Gourmet - Treasure - $7*
+3 Coffers
+1 buy
-
You can't buy this if you have Coffers.
Uses Grand Market's you can't buy if you have...
Do I understand it correctly that you can use Coffers for buying Gourmet?
You can not use coffers to buy gourmet, it costs $7.
You may not buy this if you currently have any coffers, including coffers from other gourmets you played during your buy phase.
At the start of your buy phase, you may convert all your coffers to $ to buy this (and other things).
No, this is not correct. Coffers can be removed any time "During you Buy phase, before you buy anything," including after you have played Treasures. Thus, a player could play Gourmet, cash out their Coffers (and any acquired previously) and buy another Gourmet (provided they had at least $4 more, either from those Coffers or from other sources).
Thanks, that part is incorrect, but you still can't spend say 3 coffers and $4 on this, you can however convert 3 coffers before your buy phase start, now you have $7 and can buy this.
At the start of your buy phase, I meant
I think you are still misunderstanding the rule. It is not that you can cash in Coffers at the start of your buy phase. It is that during your Buy phase, you can play Treasure cards and cash in Coffers until the first time you Buy
a card anything during the phase. This is true even if you did not have those Treasure cards/Coffers when the Buy phase began.
So, if you play all of your Treasures, then use Scepter (played last) to replay a Torturer, and the cards you draw include other Treasures, you can play those as well (if you drew another Scepter, you could play Torturer a third time, and if you drew more Treasures, play those as well). Similarly, if (starting your Buy phase with no Coffers) you play two Silvers and a Ducat, you could then cash in the Coffers you got from Ducat and buy something costing $5 (or one thing costing $2 and another thing costing $3).

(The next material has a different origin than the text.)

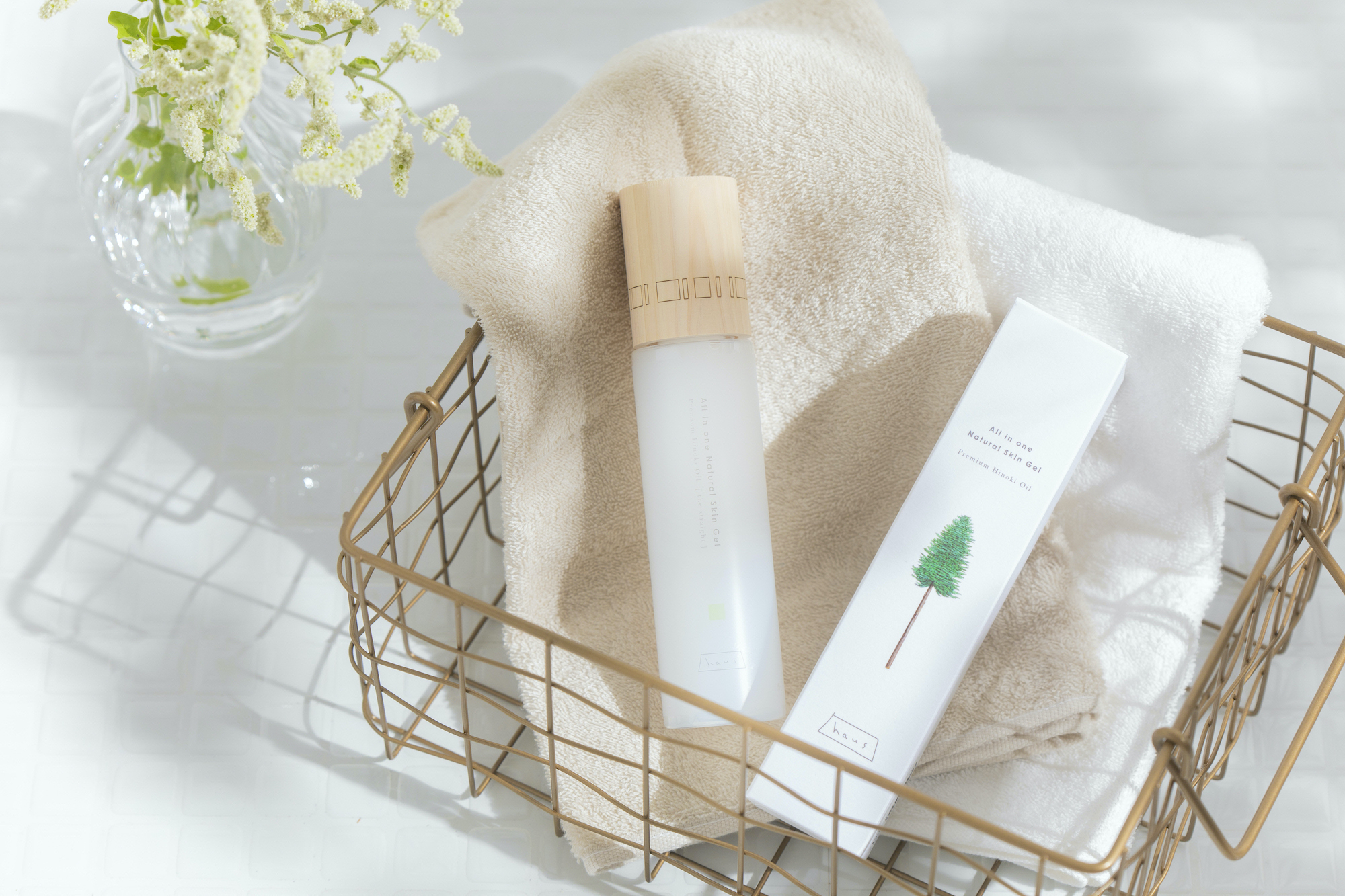 法隆寺等の木造建築や歴史文化を支えてきた日本を代表する樹種「桧」。その油分にはアロマ効果や鎮静、抗菌、抗炎症、肌の柔軟化作用が認められる。コロナによる生活・仕事環境の劇的変化で人々が抱える肌トラブルやストレスの改善、他者と環境への思いやりを目的に自然由来成分と癒しの香りを融合させたスキンケア製品。

Therefore, (starting your Buy phase with no Coffers) you could play two Silvers and a Gourmet, cash in the 3 Coffers you just gained, and (now that you do not have any Coffers on your mat), buy a Gourmet.
If you think that "converting 3 Coffers to $ so you have $7" means something different from "spending 3 Coffers and $4", you're being way overly pedantic even for f.ds standards. That's like correcting someone who says "spending a Villager to play an Action" by saying "um, actually, what you mean is you're spending a Villager to get +1 Action, and then spending that Action to play an Action card." Sure, you're technically correct, but you know what we meant.
I may be wrong, but I don't think this is a matter of being pedantic, I think it's a continued misunderstanding of the rules (although Jupaoqq can correct me if I am wrong).
Basically, the Buy restriction is toothless and the card is too strong.
I don't understand how this is the case. Having to cash in all your Coffers in order to buy another Gourmet seems like a penalty to me. You may have wanted to save some of those.
I would say that the Buy restriction is substantially less significant than the one on Grand Market. Most notably, while in most cases the first Grand Market is the hardest to buy because of the restrictions, here, the first Gourmet you buy will, in most cases, be completely unaffected by the Buy restriction. I could see where, in Colonies games or (even more so), a Kingdom with Dominate, you might want to both be piling up Coffers and buying more of these for a blockbuster purchase (and there could be other circumstances where you are trying to set up a megaturn and want keep buying these and building up Coffers for the same reason).
Outside those circumstances, the context in which forcing you to empty your Coffers would be most burdensome would be where some of the $ you gain goes to waste. That risk is substantially mitigated by the fact that this card has a +Buy (although not entirely, since you might be trying to buy another Gourmet on a different turn from when you played the last one, and also if your Treasure + Coffers hits $9, there may not be any $2 cards you want). It is similarly mitigated by the fact that this costs $1 less than a Province, so if you overshoot by one you can buy a Province instead (with, of course, the risk of greening too early).
On the other hand, I think Gourmet would not be nearly as overpowered at $7 without a restriction as Grand Market would be at $6, so the on-Buy penalty should be at least somewhat less onerous (but maybe not this light).